ASSIGNED TASK ▸
Your answer must hold only the lines below from the line containing "郑志刚博士与北京尚善公益基金" through the line containing "Con el objeto", each reproduced exactly.

INFORMATION SUPPLIED ▸
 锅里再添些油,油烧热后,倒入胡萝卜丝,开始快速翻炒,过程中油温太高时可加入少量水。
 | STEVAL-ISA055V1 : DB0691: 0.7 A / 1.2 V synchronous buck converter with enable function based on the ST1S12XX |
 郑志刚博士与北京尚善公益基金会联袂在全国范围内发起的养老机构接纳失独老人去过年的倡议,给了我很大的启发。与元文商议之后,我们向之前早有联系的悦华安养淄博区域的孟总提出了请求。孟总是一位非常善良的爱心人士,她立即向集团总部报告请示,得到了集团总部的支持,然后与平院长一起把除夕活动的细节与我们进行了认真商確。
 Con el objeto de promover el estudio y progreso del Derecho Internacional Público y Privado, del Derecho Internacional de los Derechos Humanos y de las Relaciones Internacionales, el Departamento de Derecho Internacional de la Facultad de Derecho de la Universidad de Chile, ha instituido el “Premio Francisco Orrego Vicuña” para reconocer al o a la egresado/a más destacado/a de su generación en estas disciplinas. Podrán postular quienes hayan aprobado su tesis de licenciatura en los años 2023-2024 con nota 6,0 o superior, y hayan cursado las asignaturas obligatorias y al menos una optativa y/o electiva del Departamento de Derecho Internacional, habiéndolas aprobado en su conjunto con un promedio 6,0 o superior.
--
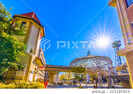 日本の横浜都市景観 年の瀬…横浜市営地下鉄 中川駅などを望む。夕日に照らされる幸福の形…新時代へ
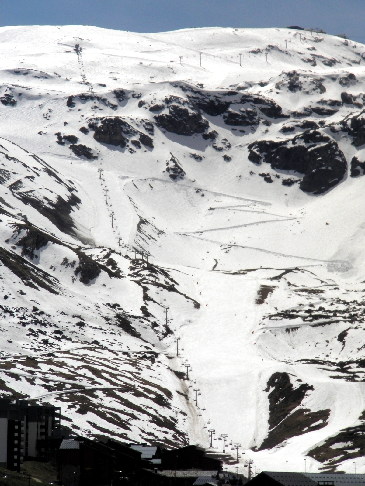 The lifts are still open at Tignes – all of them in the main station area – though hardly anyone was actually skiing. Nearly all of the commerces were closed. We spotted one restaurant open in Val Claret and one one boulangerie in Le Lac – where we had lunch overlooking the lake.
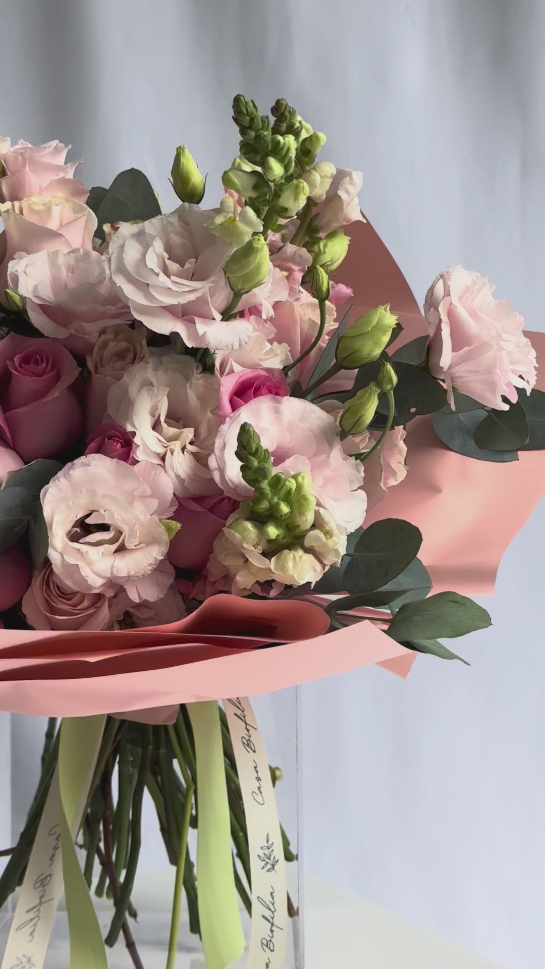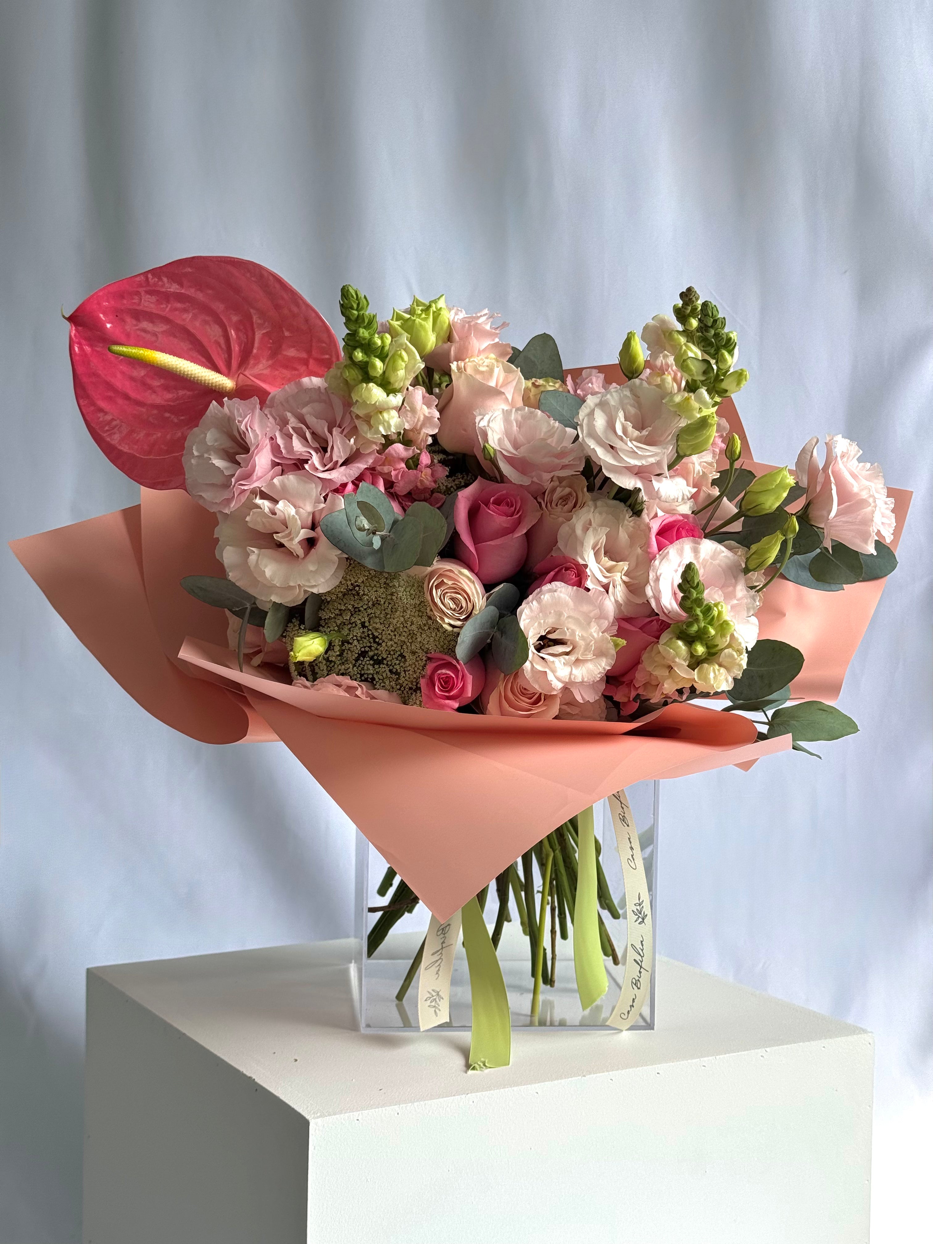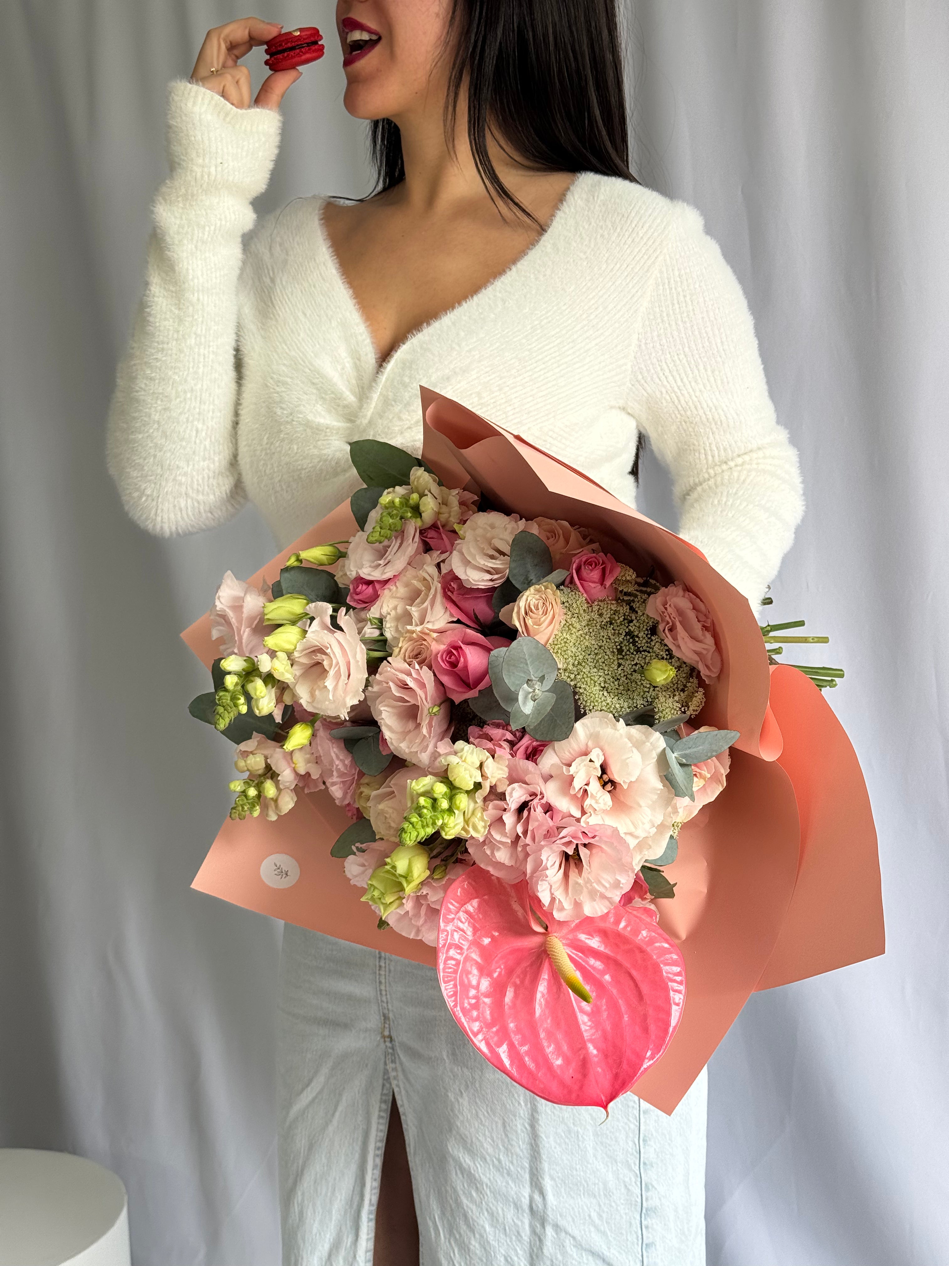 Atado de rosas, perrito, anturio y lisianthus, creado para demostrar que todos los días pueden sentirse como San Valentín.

COMPLETED EXERCISE ▸
 郑志刚博士与北京尚善公益基金会联袂在全国范围内发起的养老机构接纳失独老人去过年的倡议,给了我很大的启发。与元文商议之后,我们向之前早有联系的悦华安养淄博区域的孟总提出了请求。孟总是一位非常善良的爱心人士,她立即向集团总部报告请示,得到了集团总部的支持,然后与平院长一起把除夕活动的细节与我们进行了认真商確。
 Con el objeto de promover el estudio y progreso del Derecho Internacional Público y Privado, del Derecho Internacional de los Derechos Humanos y de las Relaciones Internacionales, el Departamento de Derecho Internacional de la Facultad de Derecho de la Universidad de Chile, ha instituido el “Premio Francisco Orrego Vicuña” para reconocer al o a la egresado/a más destacado/a de su generación en estas disciplinas. Podrán postular quienes hayan aprobado su tesis de licenciatura en los años 2023-2024 con nota 6,0 o superior, y hayan cursado las asignaturas obligatorias y al menos una optativa y/o electiva del Departamento de Derecho Internacional, habiéndolas aprobado en su conjunto con un promedio 6,0 o superior.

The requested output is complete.